Çok tuhaf ama su biterken özel kuyu ve kaçak kuyu sayısı da artış gösteriyor.
Tarımsal sulamada 40-50 kadar yağmurlama aparatının su atım mesafesi, 10 metre kadar olur.
Bölgelere göre değişiklik gösterse de 10 metre mesafe yer altı suyunun iyi olduğunu gösterirken, altı iyi sayılmaz ve endişeye sebep olur.
Bizim gördüğümüz köylerde yağmurlama sistemlerine bağlı aparatlardaki su atım mesafesi iyimser tahminle 4-5 metre kadardı. Bu arada “Vahşi sulama” sistemi denilen, “salma su” sisteminin, bazı noktalarda az da olsa kullanıldığını öğrendik.

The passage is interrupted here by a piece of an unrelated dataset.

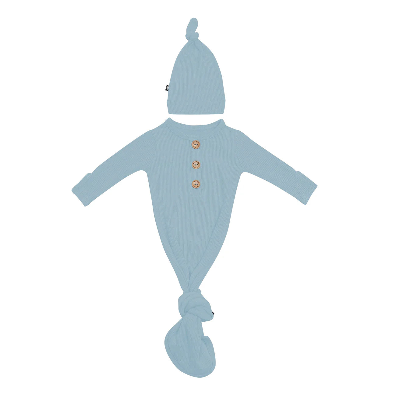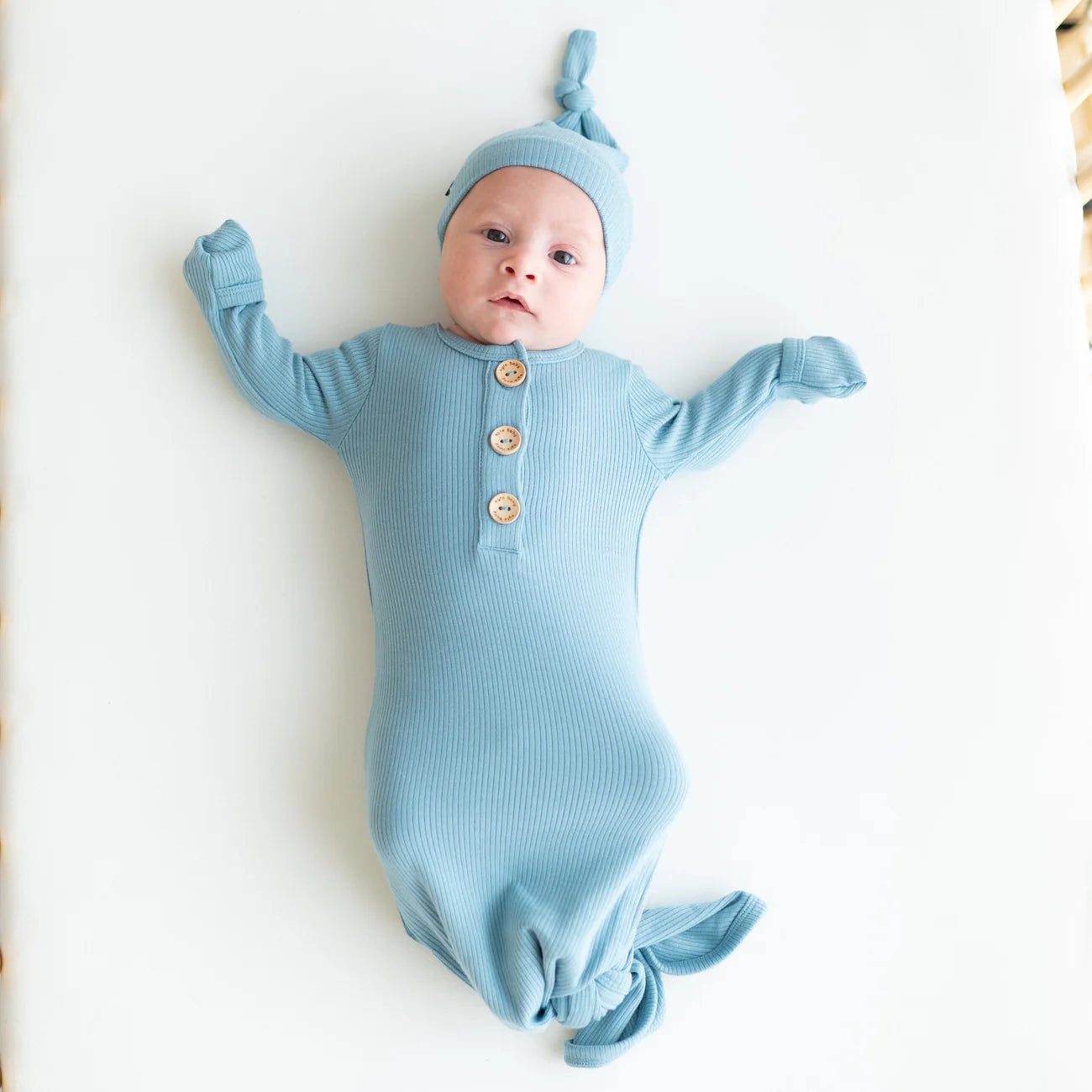 Kyte Baby Ribbed Knotted Gown with Hat Set || Dusty Blue

Günün en sıcak olduğu vakitlerde binlerce-on binlerce kuyudan açık sula sistemlerine su çekilmesi, dehşet verici bir olay. İlk önce sıcak havada su buharlaşıyor ve büyük ölçüde kayba uğruyor. Bu arada bitkide istediği suyu alamıyor. Kuraklık ve su kaynaklarının baskı altında olduğu bir dönemde alınması gereken önlemler alınmıyor. Tarımsal sulamada su disiplini de görülmüş değil. Türkiye’de kullanılabilen suların yüzde 75’i tarım alanında kullanılıyor.

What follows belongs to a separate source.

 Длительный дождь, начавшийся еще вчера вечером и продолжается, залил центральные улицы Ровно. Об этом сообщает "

Tarımda Arpa-Buğday gibi bitkiler, az su isteyen bitkiler. Mısır ve Pancar ise çok su isteyen bitkiler. Arpa-Buğday ekili bir tarlada ekimden-hasada kadar üç sulama yeterli oluyor. Mısır tarlasında 12-14, Pancar tarlasında ise 8-10 sefer arasında sulama yapılıyor. Bu bitkiler suyu doymayan bitkiler.
Su darlığında, su savurganlığı yaşanıyor.
Suyun kutsallığına da artık önem atfedilmiyor.